Piątek wieczór – cudowny czas, który przynosi taką słodką i delikatną radość na myśl o zbliżającym się weekendzie. O tym, że nie muszę jutro obudzić się o 5.30, dojechać do pracy… Lubię ten czas rozleniwienia rano, gorącej kawy w łóżku z książką, naleśnikami na śniadanie i sokiem pomarańczowym…
I przyszła upragniona sobota, a po otwarciu oczu pojawiła się myśl – i pociągnęła mnie w niebezpieczne rejony, przeszłość, którą każdego dnia staram się zamknąć aby nie wchodzić w te raniące tematy. Jak wielka jest siła tych myśli? Pewnie żadna, jeśli nie pozwolimy im wejść do naszej świadomości. Ogromna – jeśli nawet niechcący na setną sekundy uchylimy drzwi przeszłości i damy przestrzeń aby się wdarły. Nie może być nawet najmniejszej szczeliny, bo myśli są jak mgła, wejdą przez najmniejszy nieszczelny otwór… Uchyliłam te drzwi, więc cały dzień był jednym, wielkim ciężarem. I widać wtedy jak wpływa to na otaczających mnie ludzi.

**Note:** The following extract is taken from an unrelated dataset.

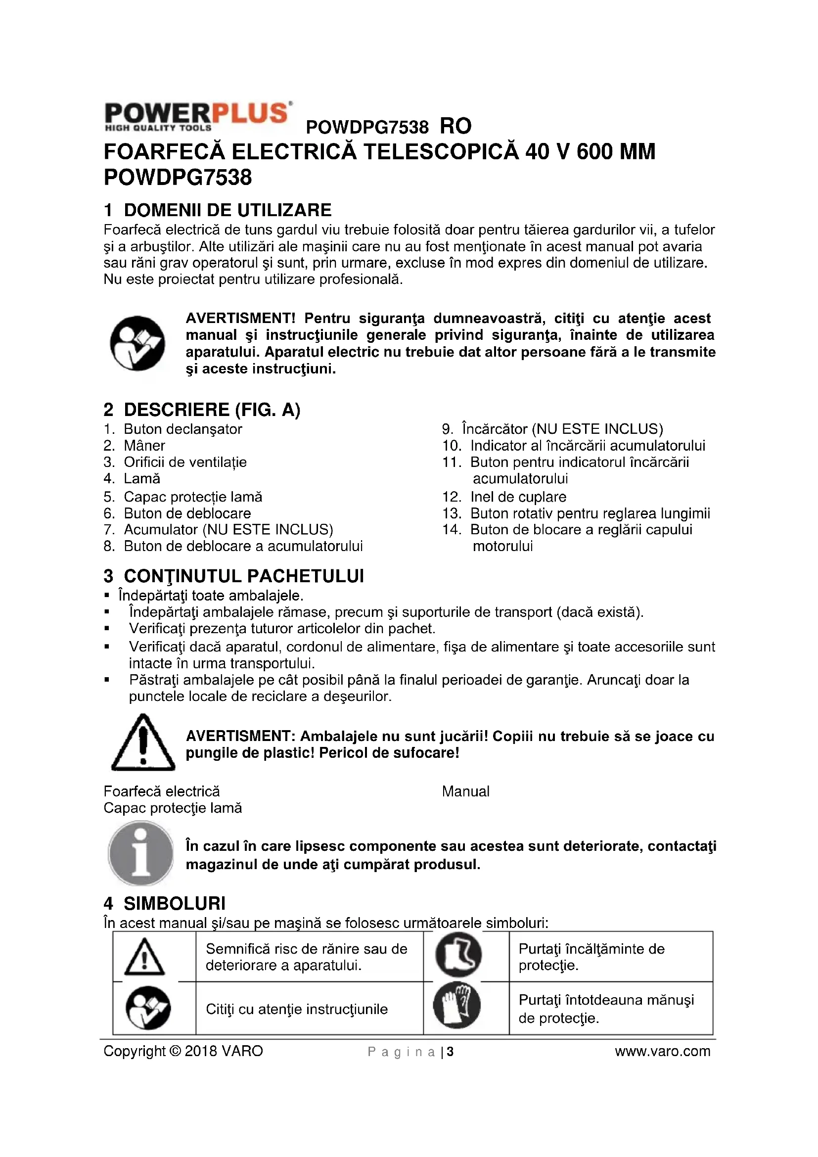 VARO N.V. - Joseph Van Instraat 9 - BE2500 Lier - BELGIA, declară că Produsul: Foarfecă electrică Marcă de comerţ: POWERplus Model: POWDPG7538 este în conformitate cu specificaţiile esenţiale şi alte prevederi relevante ale Directivelor Europene aplicabile, pe baza aplicării standardelor europene armonizate. Orice modificare neautorizată a aparatelor atrage după sine anularea acestei declaraţii. Directivele europene (inclusiv, dacă este cazul, amendamentele lor, până la data semnăturii); 2011/65/EU 2006/42/EC 2014/30/EU 2000/14/EC Annex VI LwA 89dB(A) / 92dB(A) Testing Authority TUV SUD Standardele europene armonizate (inclusiv, dacă este cazul, amendamentele lor, până la data semnăturii); EN60745-1 : 2009 EN ISO 10517: 2009 EN55014-1 : 2017 EN55014-2 : 2015 Persoana care păstrează documentaţia tehnică: Philippe Vankerkhove, VARO – Vic. Van Rompuy N.V. Subsemnatul acţionează în numele Directorului general executiv al societăţii, Eric de Boer Certification Manager 31/01/2018, BelgiumPOWDPG7538 PL Copyright © 2018 VARO P a g e | 1 www.varo.com 1 ZASTOSOWANIE............................................................................. 3
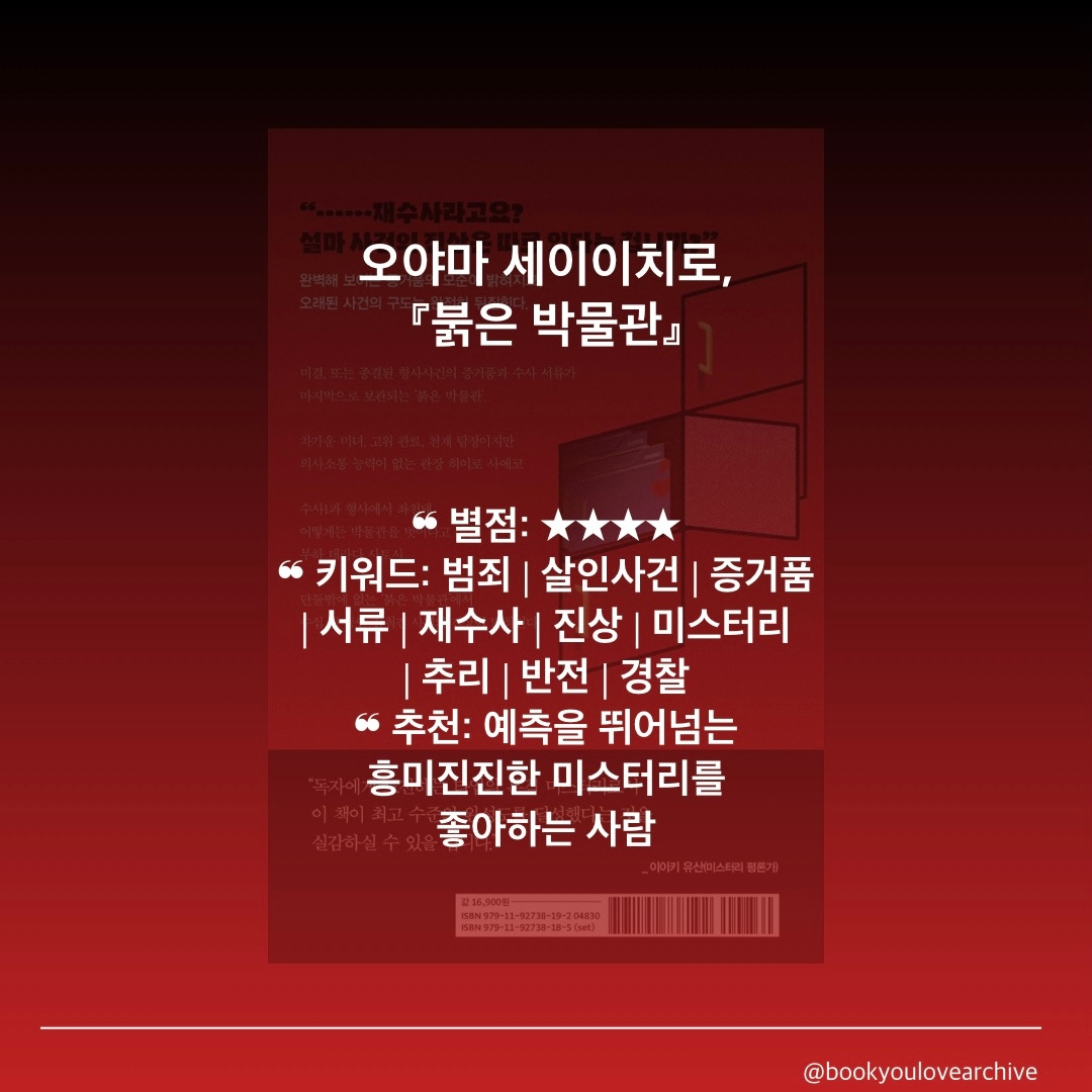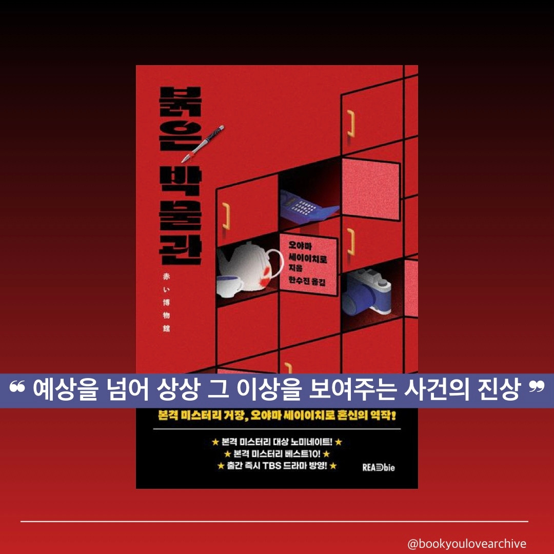 (23/11/25) 청년서가와 리드비가 함께 한 기대평 이벤트에 당첨되어 감사하게도 『붉은 박물관』 도서를 제공받았다. 카드 뉴스가 매우 흥미로워서 눈길이 갔던 책이었는데, 정말 오랜만에 읽게 된 일본 미스터리라서 더욱 기대가 되었다. 몇몇 미스터리들은 중간쯤 읽다 보면 대충 범인을 때려 맞추곤 했는데 이번에는 읽으면서 나의 예상이 한 번 빼고 모두 빗나가서 더욱 재미있게 읽었다. ‘예상을 넘어 상상 그 이상을 보여주는 사건의 진상’이란 한 줄 평을 쓴 것도 정말 사건의 진상들이 상상 그 이상으로 충격적이기 때문이다.

Mówiłem ci o planowaniu twych myśli, aby ten brak czujności nie stał się przyczyną upadku. O dwóch rzeczach trzeba pamiętać stale: o twojej słabości i Mojej wszechmocy i o tym, aby ciągle pragnąć Mojej pomocy. To, że jesteś słaba nie jest złem. Zło jest w tym, że zapominasz o tym i beztrosko posługujesz się swym sercem i swym umysłem. I beztrosko pozostawiasz je otwarte i puste wobec tych sytuacji i oddziaływań, w zakresie jakich jesteś.